How API publishing works
API publishing takes high-value operational data defined by customers from backend data processing systems and makes it available in the front-end data centers to meet tight 65ms SLAs with geo load balancing.
Our push button API dashboard give access to rich event data within Hive tables, data querying capabilities and end-to-end API building capabilities. It provides a simple interface to users while orchestrating (behind the scenes) a complex data processing pipeline involving Hadoop for data processing and transformations, Hive and Impala for querying, Oozie for workflow management and custom RichRelevance web services that process and serve the API under 65ms SLAs.
From a high level, API publishing workflow involves:
- Creating a Hive table for an API through data manipulation and transformation of the event data
- Defining an API by selecting the keys and value columns from the table
- Aggregating and making the data available in edge caches in the right format
As we started building this platform, we quickly realized that we wanted to support a wide variety of APIs on top of this infrastructure. Some examples that customers wanted to build include:
- An API that returns top 10 products by social media referrals
- An API that gives the recent activity (clicks, purchases) of a particular user. This involves per user history for millions of users that the API must serve.

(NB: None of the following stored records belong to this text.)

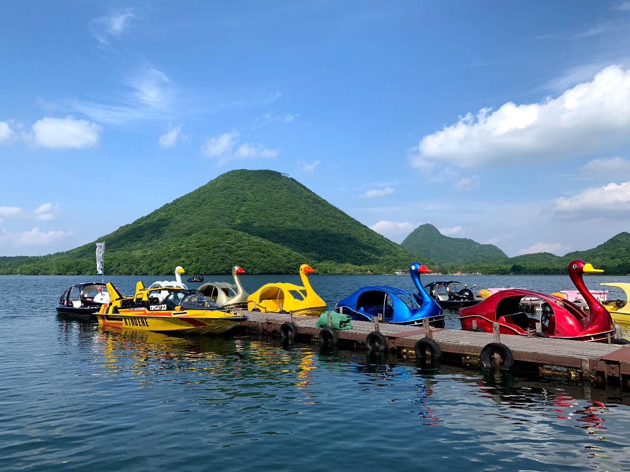 - カラフルなスワンやてんとう虫などのペダルボートで榛名湖を30分周遊♪ 時間や季節ごとに色を変える美しい榛名湖でリフレッシュ♪ 伊香保温泉旅行からの観光にもおすすめ!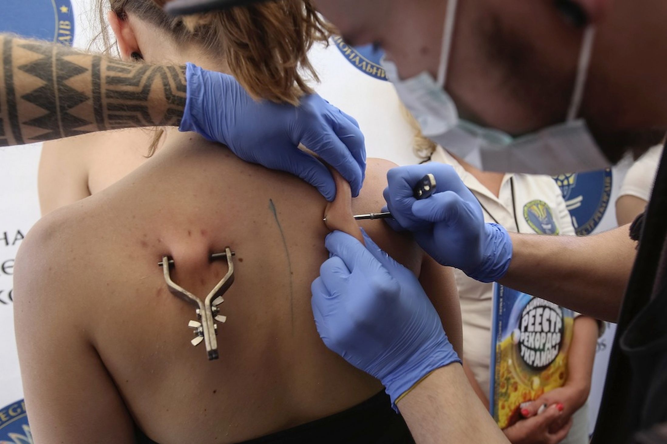 | Một số người đâm thanh kim loại xuyên qua vùng da lưng của hai người trong công đoạn chuẩn bị. |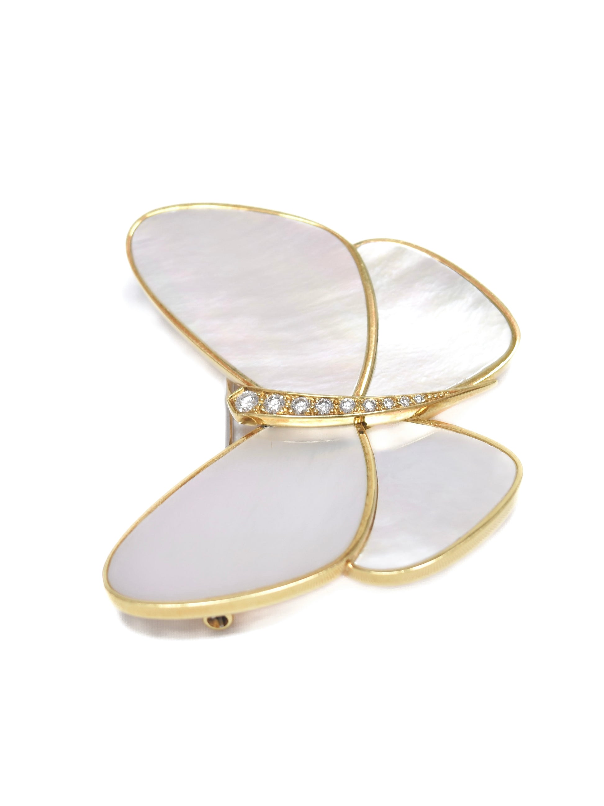 Van Cleef & Arpels 18K Gold Mother of Pearl Diamond Butterfly Brooch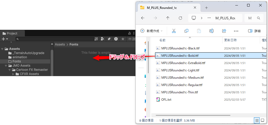 ダウンロードしたフォントをUnityのアセットに入れます。Fontsフォルダなど作っておくとわかりやすいと思います。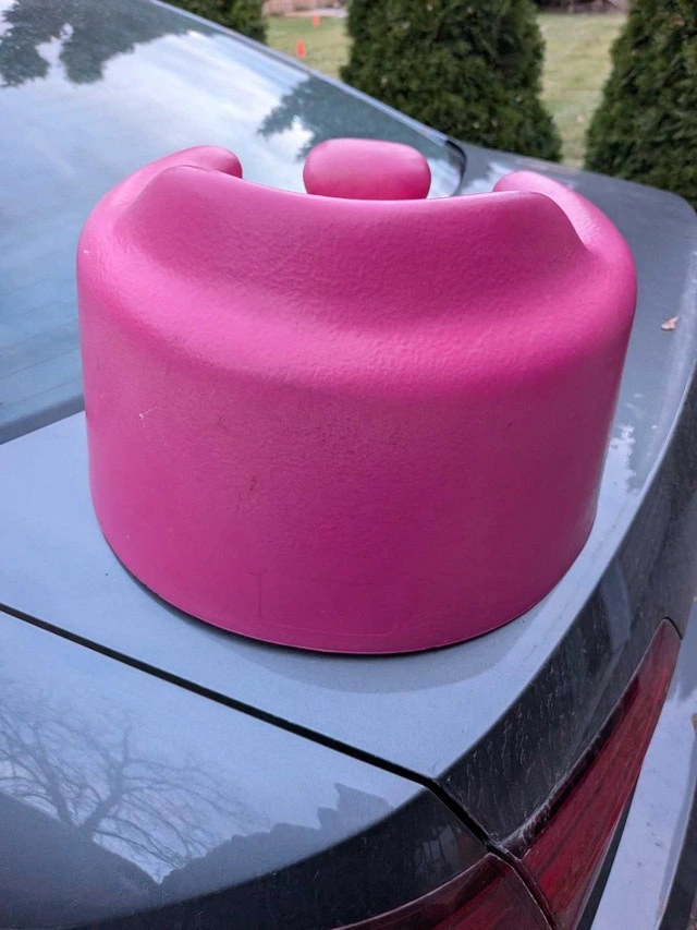 Pink Bumbo seat in excellent condition. Great first chair for baby, can go on a turntable top during mealtime (with close supervision!) or on the floor. Very portable, easily thrown in the car for trips to Grandma's, to the beach, out in the backyard, etc. Feel free to message if you have any questions!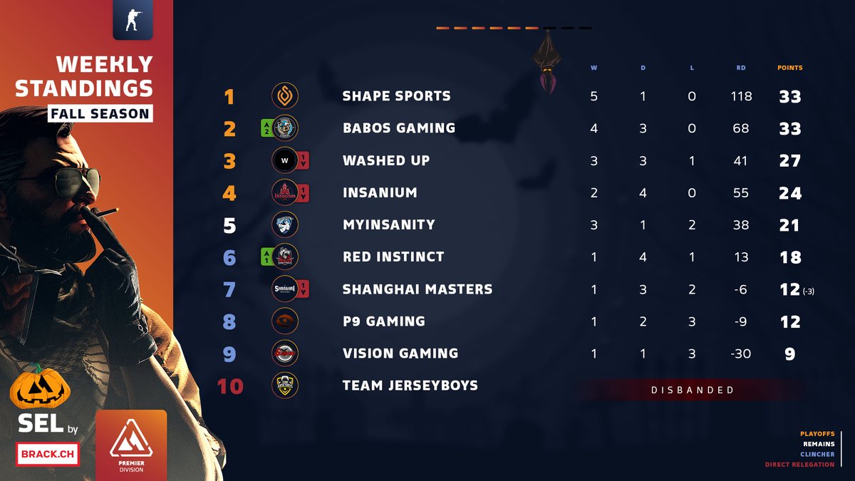 @SHAPE_Sports and@BabosGaming are tied on points. However, that will apparently change this week.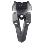 The rear mudguard on a motorcycle is a protective panel mounted above the rear wheel to shield the bike and rider from water, mud, and debris kicked up by the tire. It helps keep the rear of the motorcycle cleaner and improves visibility by preventing splashes.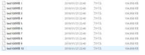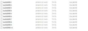 結果としてはこちらも最大速度60MB/秒出て、平均すると55MB/秒前後の転送速度になりました。100MB×10データの転送時間は19秒でした。小さいファイルの複数データの書き込みは十分な速度でした。これであれば実用十分な範囲ですね。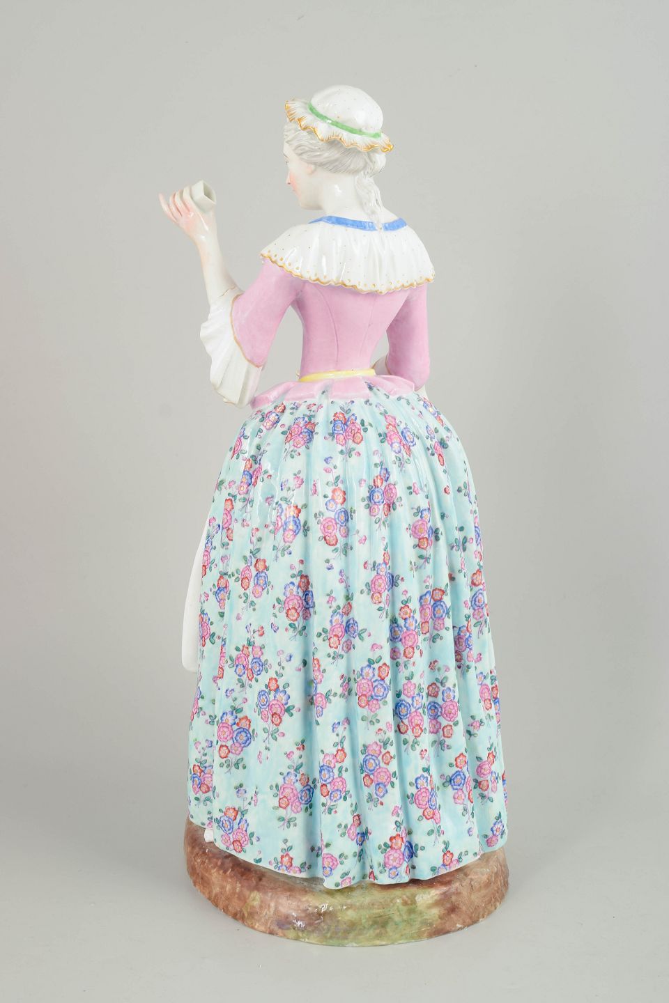 Stor Meissen porcelænsfigur fremstillet efter Jean-Étienne Liotards berømte motiv “La Belle Chocolatière” (1744). Figuren forestiller en kvinde i 1700-talsdragt med serveringsbakke og kop, rigt bemalet med polykrome blomsterdekorationer, fine ansigtstræk og detaljeret staffering. Udført efter model nr. 1471 og forsynet med Marcolini-mærke, dateret til ca. 1790’erne.

For APIs closer to example 2, we leverage Hadoop and Hive for data processing and manage a workflow using Oozie- designed to handle large volumes of data. But Hadoop and its ecosystem requires significant ramp-up and involves overhead to set up jobs and schedule workflows. This overhead quickly became a problem when we tried to use the same flow for APIs that were closer to example 1. We wanted to handle both scenarios, but keep the API management dashboard simple and unified for all types of APIs. The customer should not need to make a decision of whether her data is small enough or whether she needs Hadoop for the processing.
How we tackled challenges
We introduced a fast track path for the data processing, delegating some steps to periodic jobs and doing the rest in memory. The data processor server decides at runtime whether to take this fast track path or fall back to the Oozie workflow. It uses heuristics based on record structure and record counts, as well as hard limits on a set of parameters like size and number of part files to make that decision.
Fast track path
The fast track manager reads raw data from the Hive table by following a short circuit path. It connects directly to the Hive metastore using the Hive metastore client. It pulls important metadata for a Hive table – location of data files and schema description from the metastore. It then directly reads the data files in HDFS backing that table. It parses the data from the files, based on the metadata that was obtained from the metastore. It then executes a series of data transformations and aggregation is done on the fly in memory.
After data processing is complete, the fast track processor pushes out the data to the caches at the edge nodes and the API is ready to be served. It essentially executes a workflow in memory and ensures error handling and chaining at each step.
Don’t blow up the in-memory engine
Doing everything in memory runs the risk of running out of memory if we accidently process a huge Hive table. At each step, there are aggressive circuit breaker safeguards that ensure that we don’t bite off more than we can chew. Circuit breakers look at:
- Number of records in the table
- Schema of each record
- Number and size of part file backing that Hive table
- Size/number of records in the in-memory data structures as we do the data aggregation
If one of these trips, we fall back to the Oozie workflow based off Hadoop, which can easily handle a large volume of data.
This in-memory fast track path has given us significant flexibility when creating APIs. It helps us keep things responsive and interactive when creating APIs based of distilled operational data artifacts like in example 1, yet handle large volumes of data in the same user experience. We went from smaller APIs taking more than 5 minutes to become ready end-to-end, in less than 10 seconds. This had an enormous impact on the usability of the product while keeping things scalable.